Example 3: Inter-Process Frame Sharing with GStreamer

This example demonstrates sharing camera frames between processes using vslsink and vslsrc.

Terminal 1 - Producer (Camera Host):

# Capture from V4L2 camera and share frames via VideoStream
# The path can be explicit or auto-generated from element name
gst-launch-1.0 v4l2src device=/dev/video0 ! \
    video/x-raw,width=1920,height=1080,format=NV12,framerate=30/1 ! \
    vslsink path=/tmp/vsl_camera lifespan=100

Socket Path Convention:

• Filesystem paths start with / (e.g., /tmp/vsl_camera)
• Abstract sockets don't start with / (e.g., vsl_camera)
• If no path specified, vslsink auto-generates: /tmp/<element_name>.<thread_id>

Terminal 2 - Consumer 1 (Display):

# Receive frames and display
gst-launch-1.0 vslsrc path=/tmp/vsl_camera ! autovideosink

Terminal 3 - Consumer 2 (Recording):

# Simultaneously record to file (both consumers share same frames)
gst-launch-1.0 vslsrc path=/tmp/vsl_camera ! \
    x264enc ! mp4mux ! filesink location=recording.mp4

Example 4: Frame Sharing with Native C API

#include <videostream.h>
#include <stdio.h>

// Client application accessing shared frames
int main(int argc, char *argv[])
{
    // Connect to frame pool host
    VSLClient* client = vsl_client_init("/tmp/vsl_camera", NULL, true);
    if (!client) {
        fprintf(stderr, "Failed to connect to frame pool\n");
        return 1;
    }

    printf("Connected to %s\n", vsl_client_path(client));

    while (1) {
        // Wait for next frame (blocks until frame available)
        // Pass 0 for "until" to get next available frame
        VSLFrame* frame = vsl_frame_wait(client, 0);
        if (!frame) {
            fprintf(stderr, "Failed to receive frame: %s\n", strerror(errno));
            continue;
        }

        // Lock frame for access
        if (vsl_frame_trylock(frame) < 0) {
            vsl_frame_release(frame);
            continue;  // Frame no longer valid
        }

        // Access frame metadata
        printf("Frame %ld: %dx%d, format=0x%x, pts=%ld\n",
               vsl_frame_serial(frame),
               vsl_frame_width(frame),
               vsl_frame_height(frame),
               vsl_frame_fourcc(frame),
               vsl_frame_pts(frame));

        // Map frame memory
        size_t size;
        void* data = vsl_frame_mmap(frame, &size);
        if (data) {
            // Process frame (e.g., run computer vision algorithm)
            // process_image(data, vsl_frame_width(frame), vsl_frame_height(frame));

            vsl_frame_munmap(frame);
        }

        // Unlock and release frame
        vsl_frame_unlock(frame);
        vsl_frame_release(frame);
    }

    vsl_client_release(client);
    return 0;
}

How VideoStream Fits into EdgeFirst Perception

VideoStream is a utility library used by EdgeFirst Perception's camera service.
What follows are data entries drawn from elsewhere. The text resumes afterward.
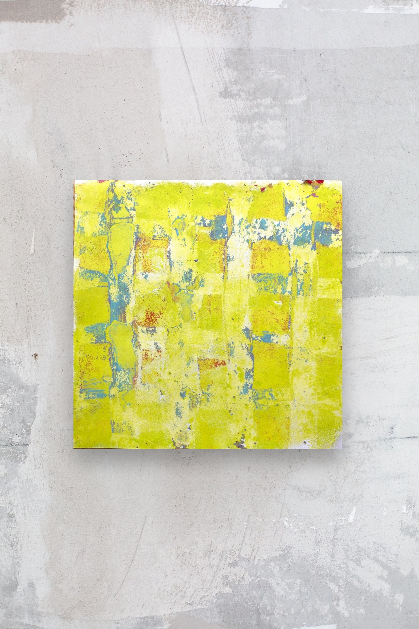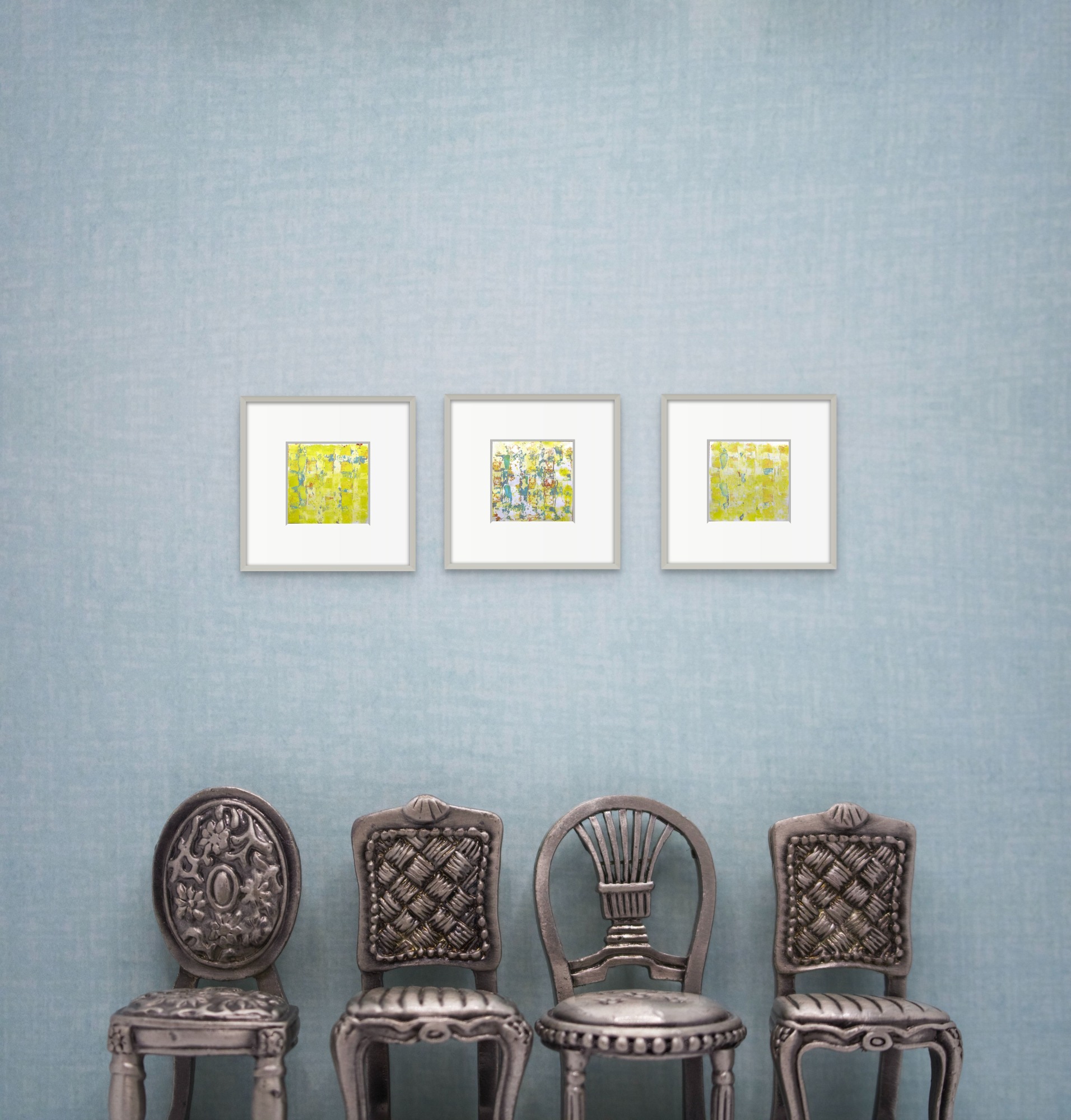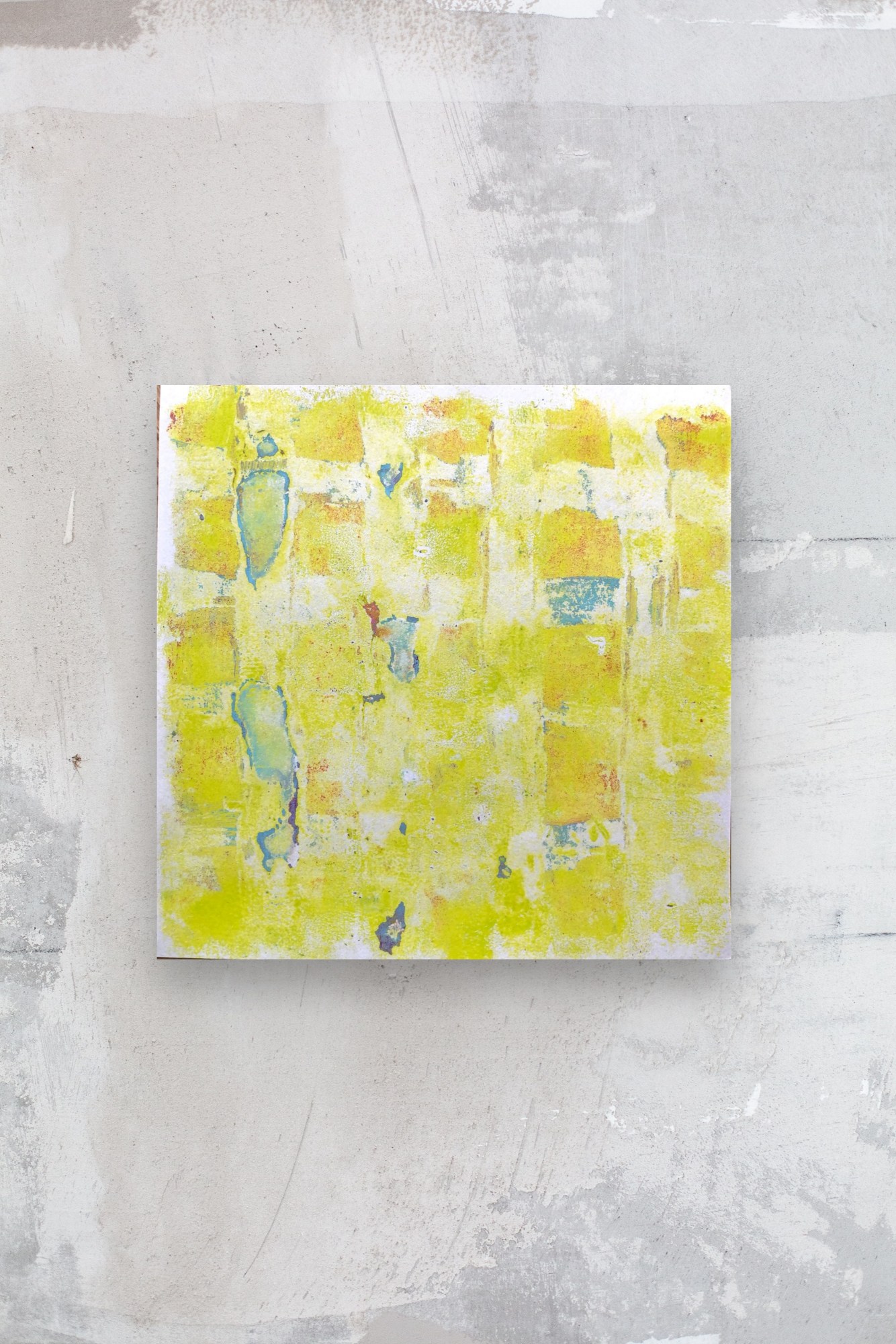 This set contains the three pieces „on the sunny side of life #4, #5 and #6“ of the series „on the sunny side of life“. Each of these monotypes on paper is 15x15 cm.
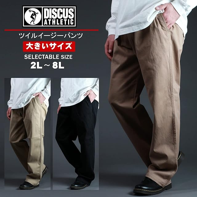 [ディスカス アスレチック] イージーパンツ 大きいサイズ メンズ ツイル 無地 LL-8L ロングパンツ ボトム ルームウェア 部屋着 LL ネイビー
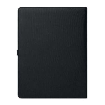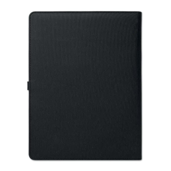 A4 schrijfmap met 4000 mAh PowerBank en diverse vakken, van linnen PU met sluiting. Met geïntegreerde micro USB/ type C kabel. Output: DC5V/1A. Inclusief 20 vellen gelinieerd papier. Inclusief zwart aluminium plaatje, ideaal voor graveren van je logo.
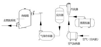 以原料萘為例。萘由原料儲罐經液萘泵加壓后進入萘蒸發器,液萘在萘蒸發器內由中壓蒸汽加熱汽化分離,經流量調節閥、流量計和氣萘切斷閥后進入汽化器;空氣經風機加壓后,經空氣加熱器加熱后進入汽化器,氣萘和空氣在汽化器內混合均勻后進入氧化反應器上部,經催化床層發生氧化反應生成苯酐和少量的副產物(以順酐、苯甲酸、萘醌、和鄰苯二甲酰亞胺為主);反應氣體經智能型渦街流量計冷卻后再進入切換冷凝器進行凝華捕集,少量未被捕集的有機物和不凝氣體經尾氣管路進入蓄熱焚燒裝置焚燒處理,焚燒后的尾氣達標排放。
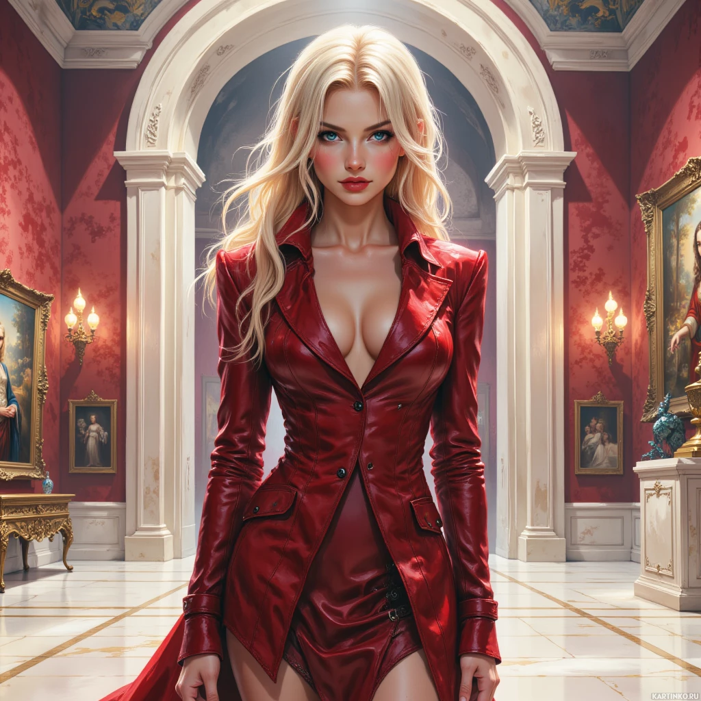 На картинке изображена женщина с золотистыми волосами и пронзительными голубыми глазами. Она с грацией стоит в центре комнаты, стены которой украшены в красных тонах, а декоративные элементы намекают на роскошь. На ней облегающая красная куртка и черный топ, открывающий живот, что говорит о смелости или, возможно, о привычке носить вызывающую одежду. Её выражение лица нейтральное, но сосредоточенное, словно она стоит перед важным решением или действием.
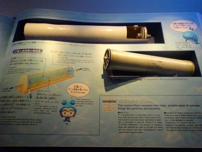 (低圧逆浸透装置:海水を膜に通して淡水を取り出します)
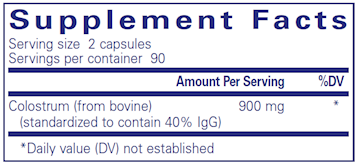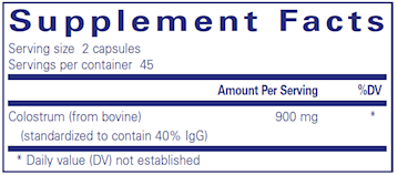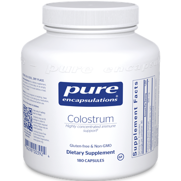 Colostrum is a highly concentrated source of immune and growth factors produced from mammary glands shortly after giving birth. Pure Encapsulations Colostrum is derived from BSE-, hormone-, pesticide- and antibiotic-free USDA certified dairy farms in the U.S. It is collected after the first 24 hours, defatted and standardized to contain 40% IgG. Colostrum contains immunoglobulins G (IgG), A (IgA), E (IgE), D (IgD) and M (IgM). Each has a specific role in immune health. IgG is naturally found in the highest concentration. Other naturally occurring immune-support compounds include lactoferrin, proline-rich polypeptide (PRP), lymphokines, interferons, interleukins, oligosaccharides, lysozymes, insulin growth factors (IGF-1 and IGF-2) and transforming growth factors (TGF-alpha and TGF-beta).
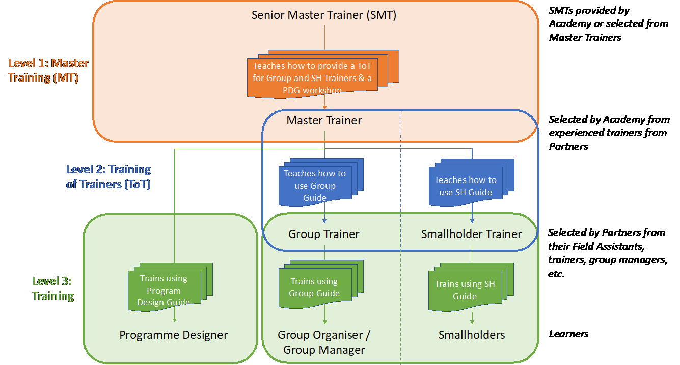 - Trainers go on to provide training directly to the learners: smallholders, group organisers/managers, or even to programme managers. Training can either be provided by the Academy-trained Master Trainers, or by Trainers that were trained by these Master Trainers. Training will use:
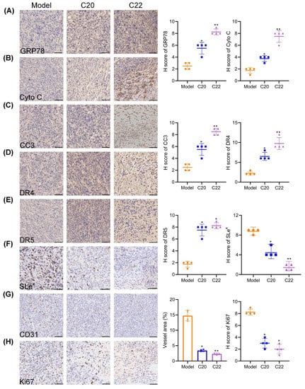 Immunohistochemical analysis of tumor sections from model group and the groups administrated with C20/C22. (A) GRP78 staining tumor sections (n = 4). (B) Cyto C staining tumor sections (n = 4). (C) CC3 staining tumor sections (n = 4). (D,E) Death receptors DR4 and DR5 staining tumor sections (n = 4). (F) SLex staining tumor sections (n = 4). (G) CD31 staining tumor sections (n = 4). (H) Ki67 staining tumor sections (n = 4). Scale bars, 50 μm. Data are presented as the mean ± SD. The p-value was analyzed by nonparametric Dunnett’s test using GraphPad Prism version 8.00. * p < 0.05, ** p < 0.01 treatment groups vs. model group.
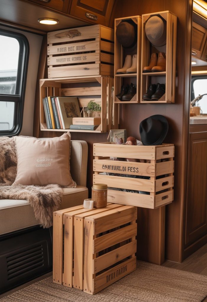 Wooden crates are the ultimate budget-friendly building block for RV storage. Sand them down and stain or paint them to match your decor. Stack them on their side to create a rustic bookshelf, mount them on the wall as cubbies for shoes and hats, or use a single crate as a stylish end table next to a chair.
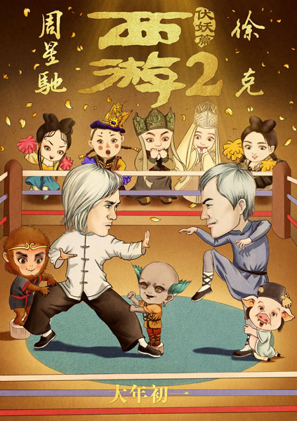 12月28日,由周星馳與徐克聯(lián)手打造,吳亦凡、林更新、姚晨、林允、包貝爾、巴特爾、楊一威、大鵬、王麗坤、汪鐸、張美娥主演的電影《西游伏妖篇》曝光“打斗版”預(yù)告片,以及周星馳與徐克兩位導(dǎo)演“對(duì)壘”上陣的漫畫版海報(bào)。“打斗版”預(yù)告片中,師徒四人一路既有互打,也有互“逗”,吳亦凡飾演的唐僧與林更新飾演的孫悟空貼身而睡,“動(dòng)手動(dòng)腳”讓孫悟空極為不滿,聲稱要干掉唐僧,卻慘遭唐僧的一頓揮鞭暴打。此外,周星馳與徐克繼先導(dǎo)預(yù)告之后,再次奉獻(xiàn)神演技續(xù)寫彩蛋:預(yù)告片中的孫悟空首次以猴子造型出現(xiàn),讓周星馳欣喜不已,大贊徐克特效出彩,卻慘遭徐克導(dǎo)演潑冷水:“那就是真猴子?。 彪娪啊段饔畏穼⒂?017年1月28日大年初一全國(guó)上映。
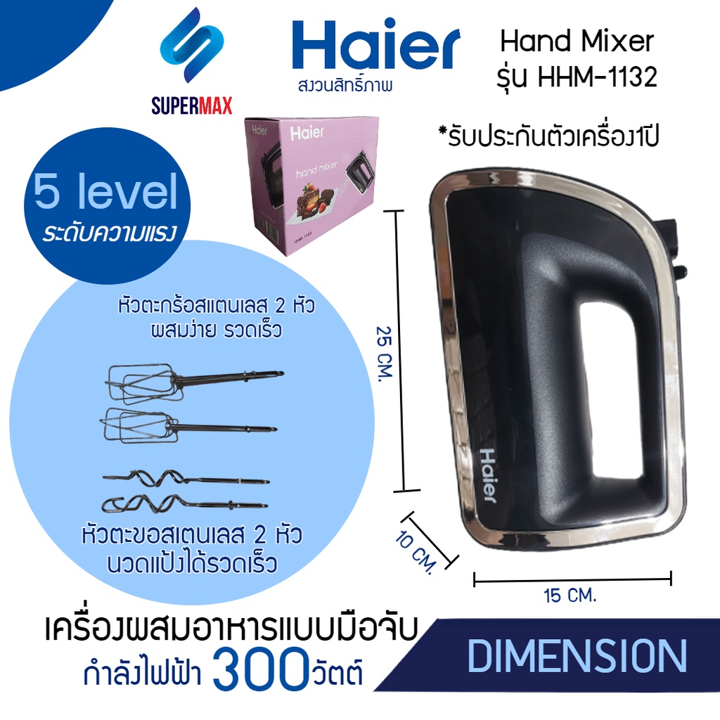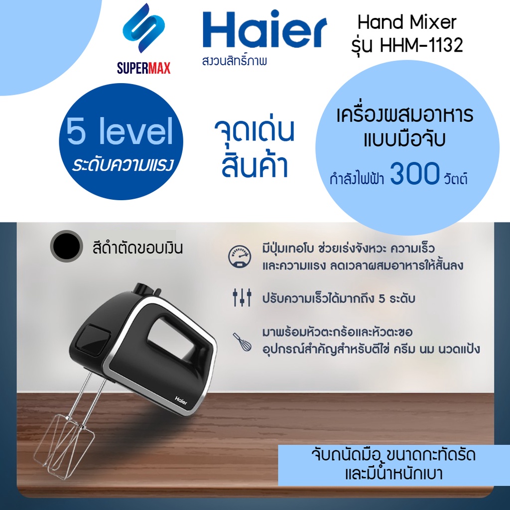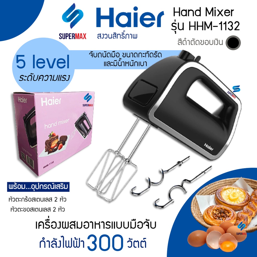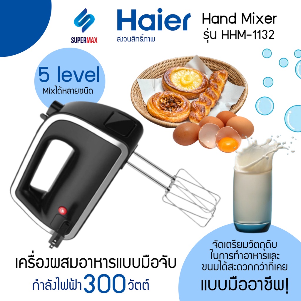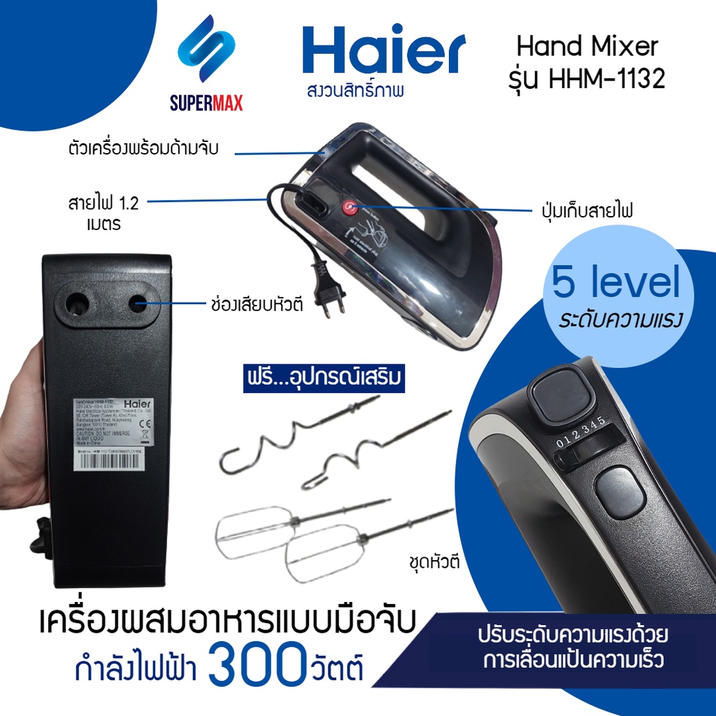 HAIER Hand Mixerเครื่องผสมอาหารมือถือ กำลังไฟ 300 W รุ่น HHM-1132 รับประกันสินค้า 1ปี จัดเก็บจัดเก็บสายไฟอัตโนมัติ เพีย
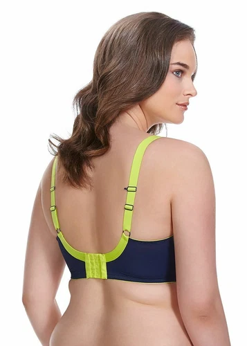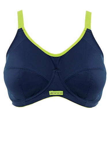 Reach your goals with confidence in the Energise Sports Bra in a classic navy colourway with sporty lime trims. Showcasing a unique non-compression design to encapsulate the bust for ultimate support and comfort. Complete with a clever J-hook fastening to offer added support in a racer back style.
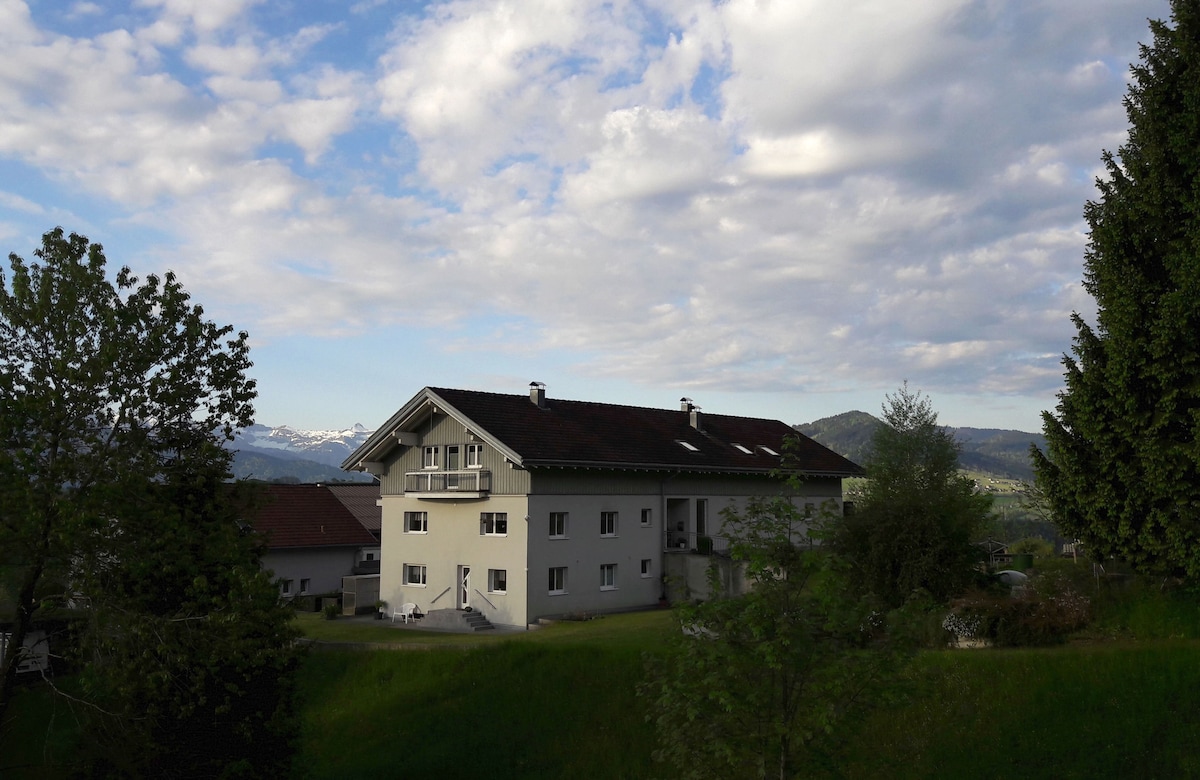 À seulement 10 minutes de Bregenz et du lac, nous proposons un appartement spacieux, avec terrasse pour se détendre et vue sur la forêt de Bregenz. Vous pouvez également profiter de l'emplacement sans voiture. Le bus passe toutes les demi-heures juste devant la maison et vous emmène au centre. L'appartement dispose de deux chambres, d'un lit d'appoint pour les tout-petits, d'une cuisine complète avec des appareils de haute qualité, y compris un lave-vaisselle et une machine à café. Des sentiers de randonnée et des pistes cyclables se trouvent à proximité immédiate de la maison.
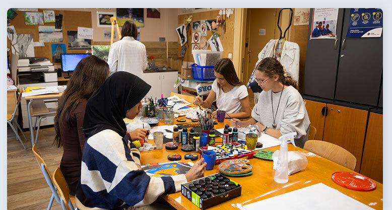 The Art Room is a creative space equipped with computers and a wide range of art materials, offering students the tools to explore their ideas, develop artistic skills, and express their imagination in inspiring ways.
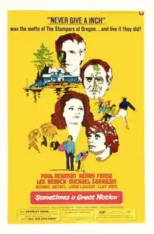 Sometimes a Great Notion (also known as Never Give A Inch) is a 1971 American drama film directed by Paul Newman and starring Newman, Henry Fonda, Michael Sarrazin, and Lee Remick. The cast also includes Richard Jaeckel in an Academy Award-nominated performance.
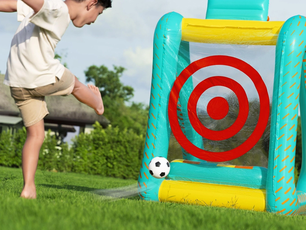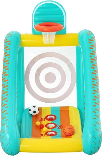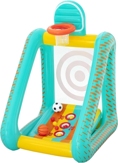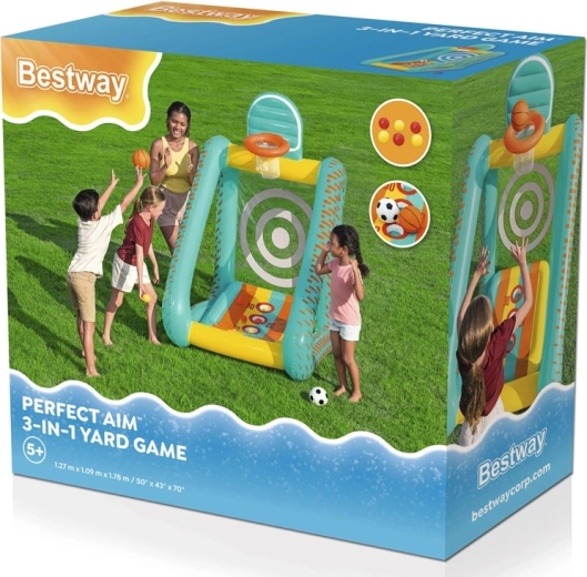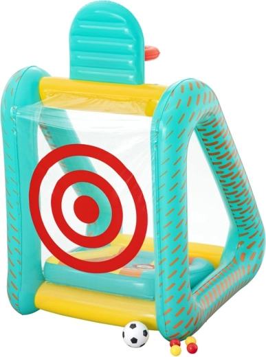 A Bestway Perfect Aim 3 az 1-ben felfújható multifunkciós szett játszóteremmé varázsolja az udvart, a kertet vagy a tágas nappalit. A nagyvonalú méretek lehetővé teszik, hogy egyszerre több gyerek is játsszon, a PVC-ből készült puha falak pedig növelik a biztonságot minden pattanhatásnál.

The edgefirst-camera node leverages VideoStream's V4L2 camera capture and hardware encoding features to acquire and compress video streams before publishing to the Zenoh middleware.

EdgeFirst Perception Architecture

graph TB
    subgraph "Sensor Layer"
        CAM[Camera<br/>ISP + Codec]
        SENS[Radar/LiDAR<br/>NavSat/IMU]
    end

    subgraph "Processing Layer"
        VIS[Vision Model<br/>Inference]
        FUS[Fusion Model<br/>Inference]
    end

    subgraph "Output Layer"
        REC[Recorder<br/>MCAP]
        WEB[Web UI<br/>HTTPS]
    end

    subgraph "Middleware"
        ZEN[ZENOH<br/>Middleware]
    end

    subgraph "User Applications"
        APPS[ROS2, Foxglove]
    end

    CAM --> VIS
    CAM --> FUS
    SENS --> FUS
    VIS --> REC
    FUS --> WEB
    VIS --> ZEN
    FUS --> ZEN
    REC --> ZEN
    WEB --> ZEN
    ZEN --> APPS

    style CAM fill:#e1f5ff
    style VIS fill:#fff4e1
    style FUS fill:#fff4e1
    style REC fill:#e8f5e9
    style WEB fill:#e8f5e9
    style ZEN fill:#f3e5f5
    style APPS fill:#fce4ec

VideoStream's Role in edgefirst-camera:

graph TB
    subgraph EFC["edgefirst-camera Service"]
        CAMDEV["/dev/video0<br/>Camera Device"]

        subgraph VSL["VideoStream Library"]
            V4L2[V4L2 Camera<br/>Capture API]
            ENC[Hardware Encoder<br/>H.264/H.265 API]
        end

        ZENOH_PUB[Zenoh Publisher<br/>not part of VSL]
    end

    ZENOH[Zenoh Middleware]
    PERC[Perception Pipeline]

    CAMDEV --> V4L2
    V4L2 -->|DmaBuf Raw Frames| ZENOH_PUB
    V4L2 -->|DmaBuf| ENC
    ENC -->|H.264 Stream| ZENOH_PUB
    ZENOH_PUB --> ZENOH
    ZENOH --> PERC

    style V4L2 fill:#bbdefb
    style ENC fill:#bbdefb
    style ZENOH_PUB fill:#c5e1a5
    style ZENOH fill:#f3e5f5

VideoStream's Role in EdgeFirst Perception

Primary Use: Camera and Codec Utilities in edgefirst-camera

VideoStream provides low-level camera and codec APIs used by the edgefirst-camera service:

1. V4L2 Camera Capture (vsl_camera_* API)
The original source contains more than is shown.